Chapitre 3 : Réveil




Je me réveille dans une chambre blanche, branché à une machine qui fait des bip à répétition. Ma vue est... bizarre. Mais je n'ai pas le temps de me poser de questions, la porte s'ouvre brusquement et une femme entre. Elle, le dernier visage que j'ai vu parmi les flammes. Elle se penche sur moi, sa main froide prend appui sur mon épaule.

- Bonjour Eden. Comment vas-tu ?

- Ed... Eden ? J'articule en portant mes mains à ma tête, car ma voix résonne dans mon crâne.

- Oui, c'est comme ça qu'on t'a appelé. Ça signifie "Electronic Digital Exploration Neohuman". Reste calme. Tu as subi un gros traumatisme il y a six mois. En fait, pour être plus précise, tu as survécu à la fin du monde. Tu te rappelles, les séismes, les incendies ? Pour finir il y a eu les explosions et les nuages radioactifs. Je t'ai trouvé, et on t'a ramené ici. Tu étais entre la vie et la mort. On a dû procéder à quelques... modifications dans ton organisme. On t'a adapté pour que tu vives.

Je ne comprends pas bien ses paroles. Je les entends distinctement, mais j'ai du mal à faire le lien entre les mots. J'ai une grosse gueule de bois.

- Il faut que tu te reposes encore. Tu as été plongé dans un coma artificiel pendant 6 mois, parce que tes blessures devaient cicatriser. Et parce que nous devions t'opérer. Tu as beaucoup de chance d'être tombé sur moi. Tu aurais dû mourir. Mais je travaillais ici, au niveau -2 de l'hôpital. Et mes recherches étaient bien avancées. J'ai bon espoir que tu pourras mener une vie normale. Mais tu dois être patient et indulgent. Tu es mon premier sujet humain.

Ses beaux discours me filent la migraine. J'ai juste envie de dormir. mais ma vue est toujours aussi bizarre. Ça m'inquiète.

- Mes... yeux... bizarres.

- Oui, il te faudra un temps d'adaptation. Ton œil droit a été percuté par une structure métallique. Pour te le dire en toute franchise, c'était de la bouillie. J'ai fait ce que j'ai pu, mais le mieux était quand même de te le retirer. Il te restait un peu de nerf optique en bon état. Je t'ai donc implanté une prothèse.

- Prothèse ? Attendez, je veux comprendre.
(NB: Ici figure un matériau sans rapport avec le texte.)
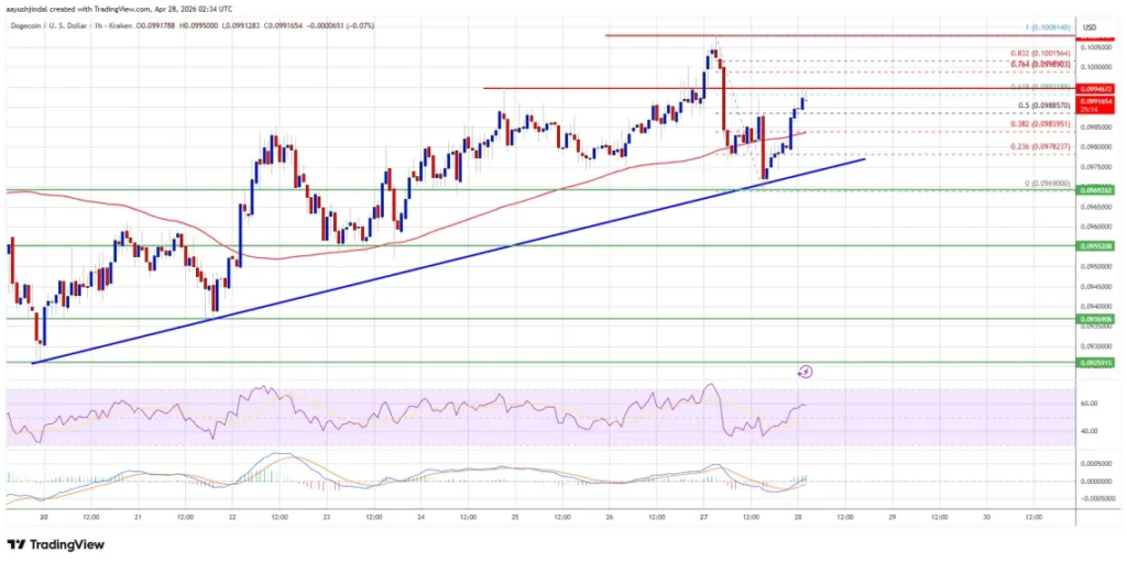ราคา DOGE สามารถเบรกทะลุแนวต้าน 0.0980 และ 0.0985 ดอลลาร์ขึ้นมาได้ด้วยความมั่นใจในระดับปานกลาง การเคลื่อนไหวของราคายังสามารถทะลุผ่านระดับ Fibonacci retracement 50% ของรอบการร่วงลงก่อนหน้าจาก 0.1008 ไปยัง 0.0969 ดอลลาร์ ปัจจุบันเหรียญกำลังเทรดอยู่เหนือระดับ 0.0970 ดอลลาร์และเส้นค่าเฉลี่ย 100 ชั่วโมง ซึ่งการรวมกันของปัจจัยเหล่านี้ถือเป็นสัญญาณที่บ่งบอกถึงโมเมนตัมกระทิงในระยะสั้น

Il m'arrive quoi là ?

Cette fois, je ne dors plus du tout. Et je comprends tout ce qu'elle me dit. Je suis en plein cauchemar.

- Eden, calme-toi. Tu es convalescent. Je te laisse faire une sieste et je t'expliquerai tout à ton réveil. On va te faire une injection, ça va t'aider à dormir. Je sais que tu ne maîtrises pas encore ton nouvel œil, mais ça va aller, tu apprendras très vite à faire la mise au point. Un chimpanzé y est parvenu l'année dernière. Tu y arriveras. Courage.

J'emporte dans mon sommeil la danse de ses lèvres et de sa voix chantante, je ne lutte pas bien longtemps car l'injection est plus forte que ma volonté.

* * *

Lorsque je me réveille, je vois la pièce en vert. Tout est vert et noir. La table de chevet à côté de moi. La porte. Elle s'ouvre, et le Dr Jones allume la lumière. Au bout de quelques secondes, les couleurs reviennent à la normal.

- Ah ! Bien ! Tu es passé de la vision nocturne à la vision diurne ! Bien joué ! Tu apprends plus vite que le chimpanzé.

- Dr Jones ? C'est bien ça ? Je me rappelle quand vous m'avez trouvé. J'ai l'impression que c'était dans une autre vie.

- Oui, ça l'était réellement je crois. Le monde n'existe plus. Tout est brûlé dehors. Depuis six mois, nous envoyons des drones pour parcourir tous les continents, et nous ne trouvons aucune forme de vie. Nous sommes seuls, et l'extérieur est très hostile. Il nous faut un masque filtrant pour respirer. Enfin, on peut s'en passer, mais c'est épuisant car l'air est rempli de particules et pauvre en oxygène. Entre ces murs on est à l'aise, on a installé des filtres dans les conduites d'aération. Le manque d'oxygène nous empêche de trop nous agiter, mais au moins on est débarrassés des particules. Eh puis, tout ça évolue, la qualité de l'air a déjà commencé à s'améliorer depuis les explosions nucléaires. Il faut juste de la patience.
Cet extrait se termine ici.